- AIM OF THE TASK -
In the listing below, find the line containing "El tablero se" and the line containing "This item is", then copy exactly everything from the first through the second, except the pictures.

- AVAILABLE DATA -

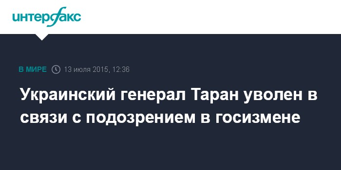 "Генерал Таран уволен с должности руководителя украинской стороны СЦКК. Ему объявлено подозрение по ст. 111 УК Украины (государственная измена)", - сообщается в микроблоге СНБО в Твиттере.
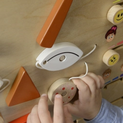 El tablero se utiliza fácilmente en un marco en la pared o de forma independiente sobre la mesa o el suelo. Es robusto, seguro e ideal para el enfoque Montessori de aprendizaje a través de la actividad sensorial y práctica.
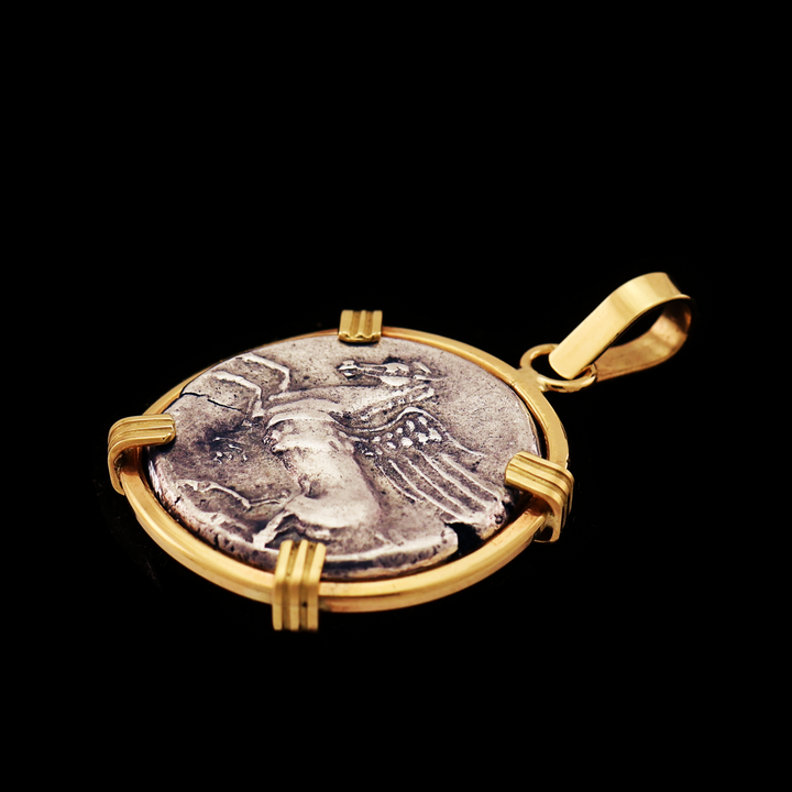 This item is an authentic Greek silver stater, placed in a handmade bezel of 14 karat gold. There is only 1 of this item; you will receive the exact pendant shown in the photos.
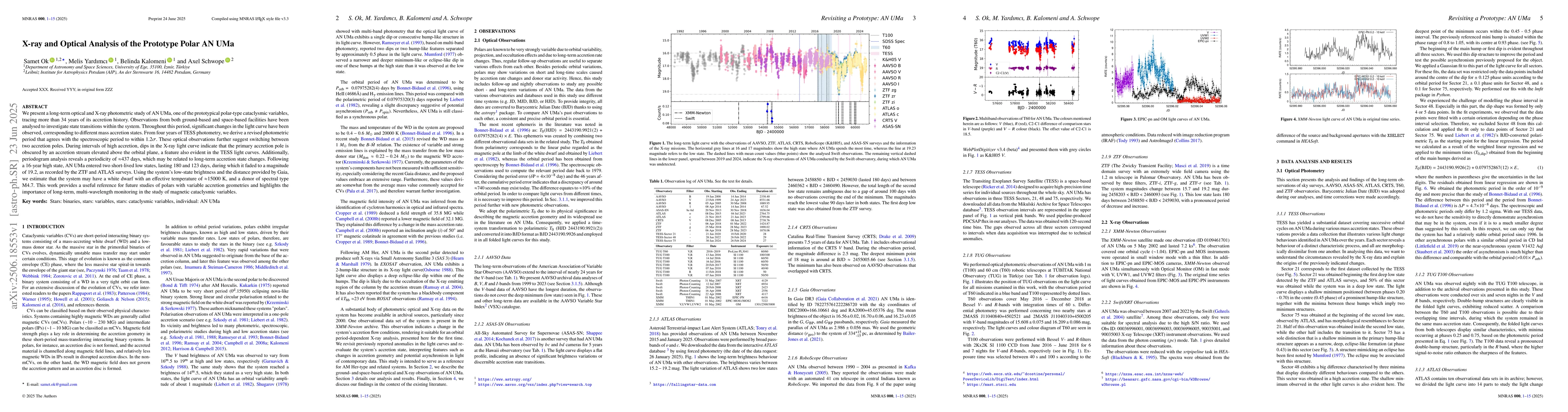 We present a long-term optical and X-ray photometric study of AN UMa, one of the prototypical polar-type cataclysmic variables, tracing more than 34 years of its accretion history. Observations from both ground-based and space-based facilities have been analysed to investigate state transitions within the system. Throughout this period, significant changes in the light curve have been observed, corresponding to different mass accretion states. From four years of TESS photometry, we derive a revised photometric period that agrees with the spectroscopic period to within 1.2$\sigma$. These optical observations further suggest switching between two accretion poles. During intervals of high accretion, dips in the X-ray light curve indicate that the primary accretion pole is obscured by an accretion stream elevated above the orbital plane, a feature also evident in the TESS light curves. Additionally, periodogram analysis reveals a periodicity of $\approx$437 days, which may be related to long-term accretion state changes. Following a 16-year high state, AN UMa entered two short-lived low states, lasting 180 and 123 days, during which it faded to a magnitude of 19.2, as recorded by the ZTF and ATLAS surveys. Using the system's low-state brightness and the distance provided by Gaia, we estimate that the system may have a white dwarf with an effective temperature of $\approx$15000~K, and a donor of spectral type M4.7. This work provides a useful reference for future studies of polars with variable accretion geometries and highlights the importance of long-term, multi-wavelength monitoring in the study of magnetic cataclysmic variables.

- ANSWER FOR THIS EXERCISE -
 El tablero se utiliza fácilmente en un marco en la pared o de forma independiente sobre la mesa o el suelo. Es robusto, seguro e ideal para el enfoque Montessori de aprendizaje a través de la actividad sensorial y práctica.
 This item is an authentic Greek silver stater, placed in a handmade bezel of 14 karat gold. There is only 1 of this item; you will receive the exact pendant shown in the photos.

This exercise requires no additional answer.